Tullia se volvió hacia Nigro.

—¿Y cuál es el precio por preservar ese orden? ¿La vida de dos personas? ¿La autonomía de una ciudadana? ¿El silencio de quien no puede hablar?

Nigro bajó ligeramente la mirada. No respondió.

El juicio apenas comenzaba.

Pero el tono ya estaba marcado.

—Si ya han decidido qué hacer con ellos —dijo con voz clara, sin elevar el tono—, entonces díganlo. No hace falta este teatro. No simulen un juicio que no existe. No finjan ecuanimidad cuando ya redactaron el veredicto.

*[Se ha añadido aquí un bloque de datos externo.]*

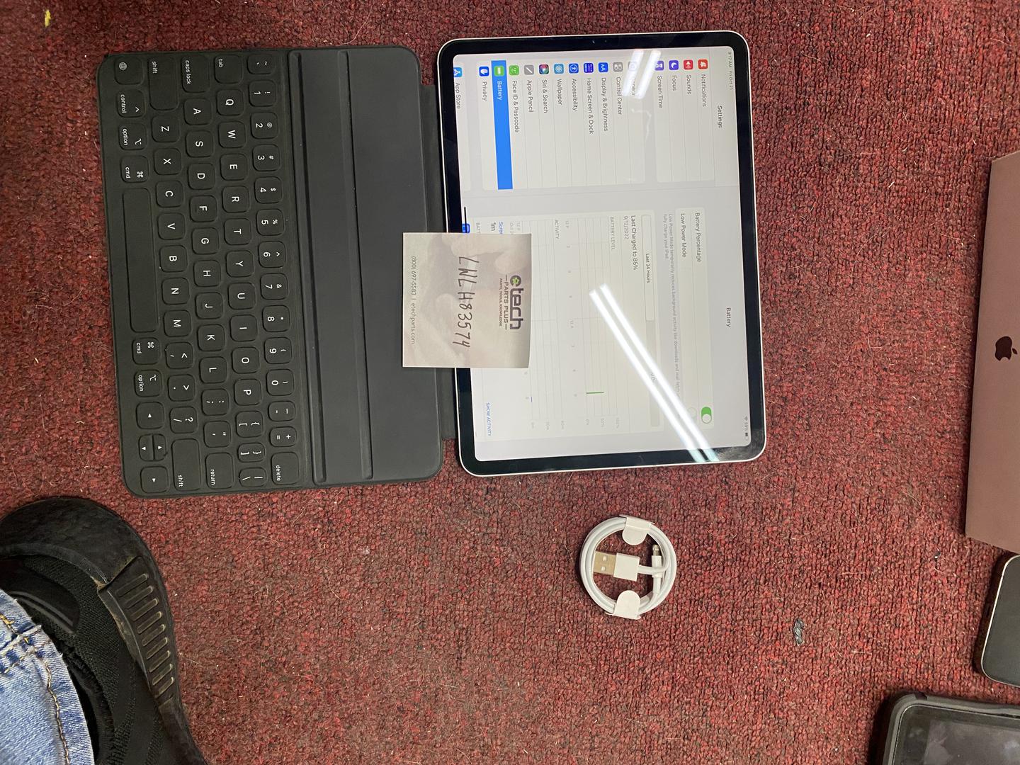 The iPad Pro 11” (2nd generation) has a 28.65Wh lithium-polymer battery. This watt-hour battery capacity can provide up to 10 hours of web surfing time when on WiFi, or up to 9 hours of web surfing time when using cellular. The iPad Pro 11” (2nd generation) charges using an 18W USB-C wall power adapter and USB-C charging cable.
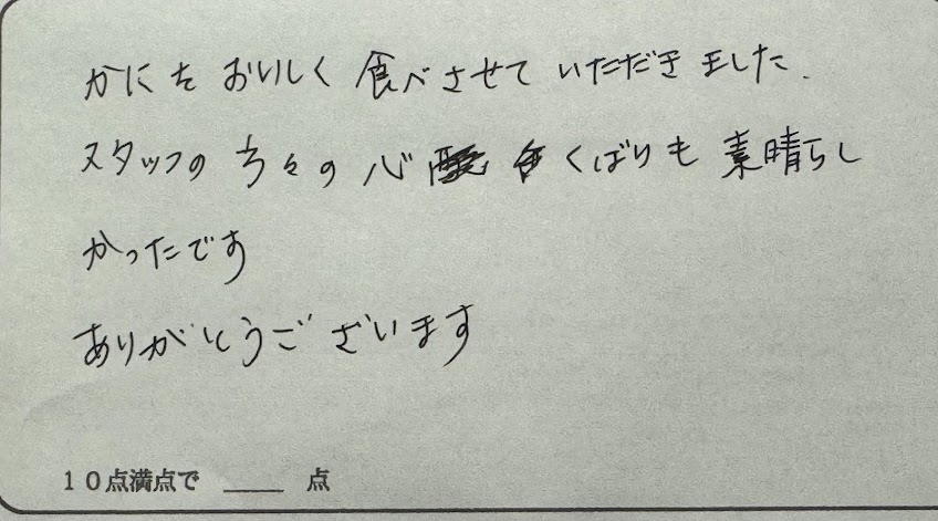 Y様。この度は民宿美味し宿かどやをご利用いただきまして、誠にありがとうございました。カニ解禁直後の香住、特に甲羅みその炭火焼きがイチオシでしたが、ご堪能いただけましたでしょうか。カニが食べたくなったら、ぜひ民宿かどやを思い出して下さいね。またのお越しをお待ちしております。ありがとうございました。

Silencio. Solo los murmullos lejanos del ala de prensa, acallados con un gesto del relator del Senado.

—Podrían, si prefieren algo más eficaz —continuó Tullia—, atarlos a un poste en medio del Teatro Flavio y liberar a las fieras. Al menos sería más honesto. Más romano.

Un nuevo murmullo. Esta vez más intenso. Nigro no intervino. Estaba sentado en la silla presidencial, con el rostro pétreo. Observaba. Escuchaba.

Luca Visconti sonrió desde su asiento, en la primera fila de senadores.

—Dramática como siempre, Marcenio —dijo con falsa cortesía—. Nadie aquí pretende convertir esto en un circo. Aunque algunos discursos contribuyen bastante.